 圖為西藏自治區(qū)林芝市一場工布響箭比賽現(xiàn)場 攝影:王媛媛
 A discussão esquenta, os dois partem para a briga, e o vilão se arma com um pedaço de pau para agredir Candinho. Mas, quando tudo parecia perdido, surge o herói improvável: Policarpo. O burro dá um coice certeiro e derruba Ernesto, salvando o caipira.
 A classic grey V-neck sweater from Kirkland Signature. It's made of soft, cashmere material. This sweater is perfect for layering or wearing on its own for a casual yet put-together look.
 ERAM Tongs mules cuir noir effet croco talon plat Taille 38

◇ ◇ ◇ ◇

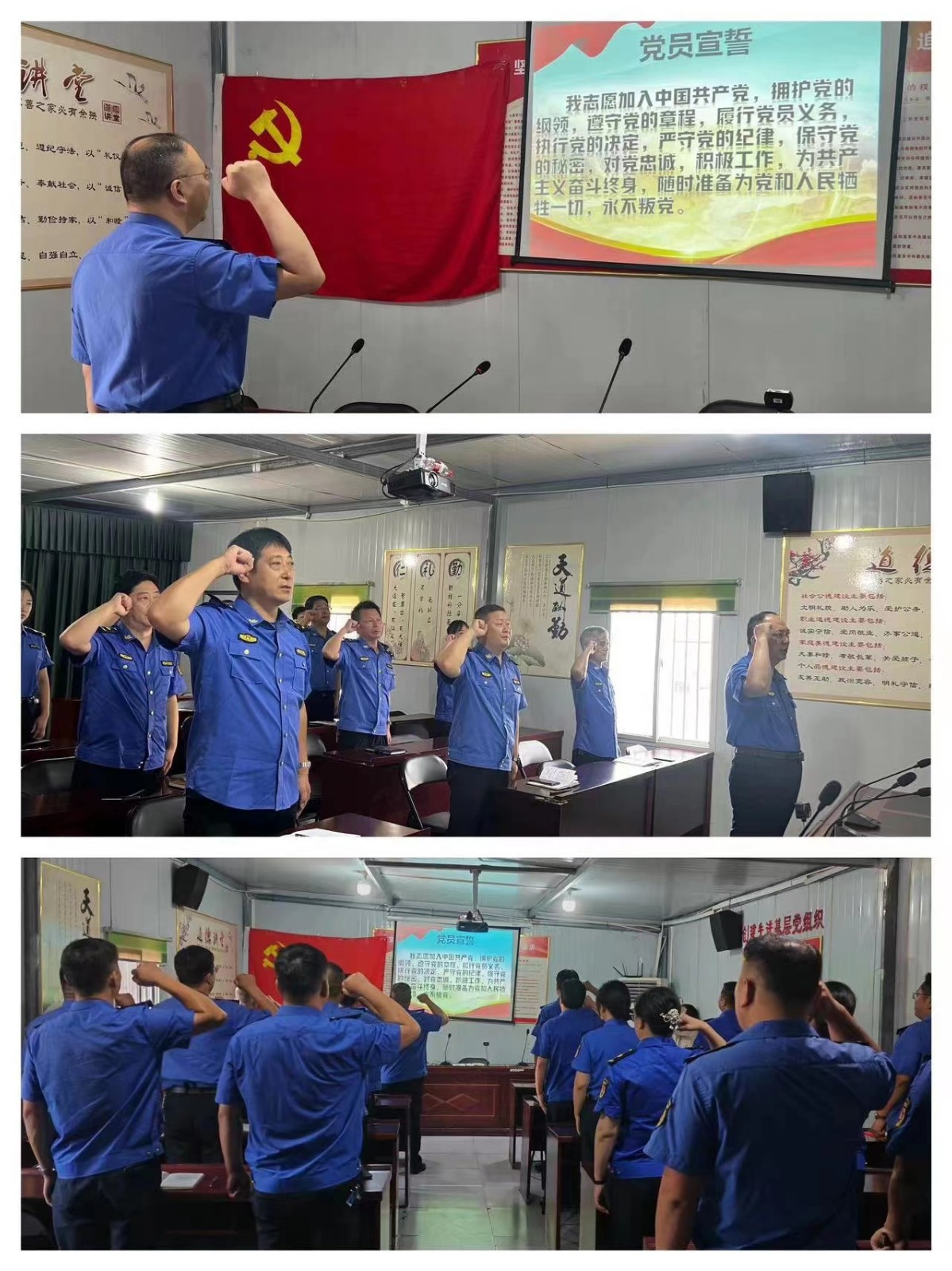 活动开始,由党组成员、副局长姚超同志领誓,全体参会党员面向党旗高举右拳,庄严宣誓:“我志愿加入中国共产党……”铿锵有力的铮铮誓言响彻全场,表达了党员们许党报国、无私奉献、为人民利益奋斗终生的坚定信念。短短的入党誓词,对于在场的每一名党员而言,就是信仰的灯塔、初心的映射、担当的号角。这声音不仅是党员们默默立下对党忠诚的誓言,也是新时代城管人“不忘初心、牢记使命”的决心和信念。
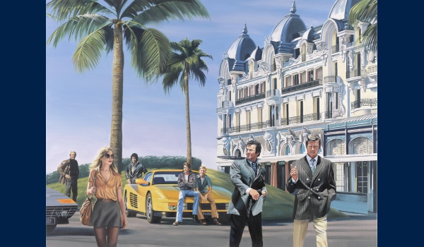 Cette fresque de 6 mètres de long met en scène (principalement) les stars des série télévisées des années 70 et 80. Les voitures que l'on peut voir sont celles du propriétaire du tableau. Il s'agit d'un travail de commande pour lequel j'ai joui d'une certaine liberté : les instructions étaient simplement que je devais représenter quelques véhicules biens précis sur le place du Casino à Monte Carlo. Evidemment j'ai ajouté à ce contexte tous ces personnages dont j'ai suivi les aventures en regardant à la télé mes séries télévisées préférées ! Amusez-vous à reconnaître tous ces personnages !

◇ ◇ ◇ ◇

TASK PROMPT: As the answer, set down only the lines from the data above between the one holding "圖為西藏自治區(qū)林芝市一場工布響箭比賽現(xiàn)場 攝影:王媛媛" and the one holding "A classic grey", inclusive, exactly as they read.

EXERCISE OUTPUT:
 圖為西藏自治區(qū)林芝市一場工布響箭比賽現(xiàn)場 攝影:王媛媛
 A discussão esquenta, os dois partem para a briga, e o vilão se arma com um pedaço de pau para agredir Candinho. Mas, quando tudo parecia perdido, surge o herói improvável: Policarpo. O burro dá um coice certeiro e derruba Ernesto, salvando o caipira.
 A classic grey V-neck sweater from Kirkland Signature. It's made of soft, cashmere material. This sweater is perfect for layering or wearing on its own for a casual yet put-together look.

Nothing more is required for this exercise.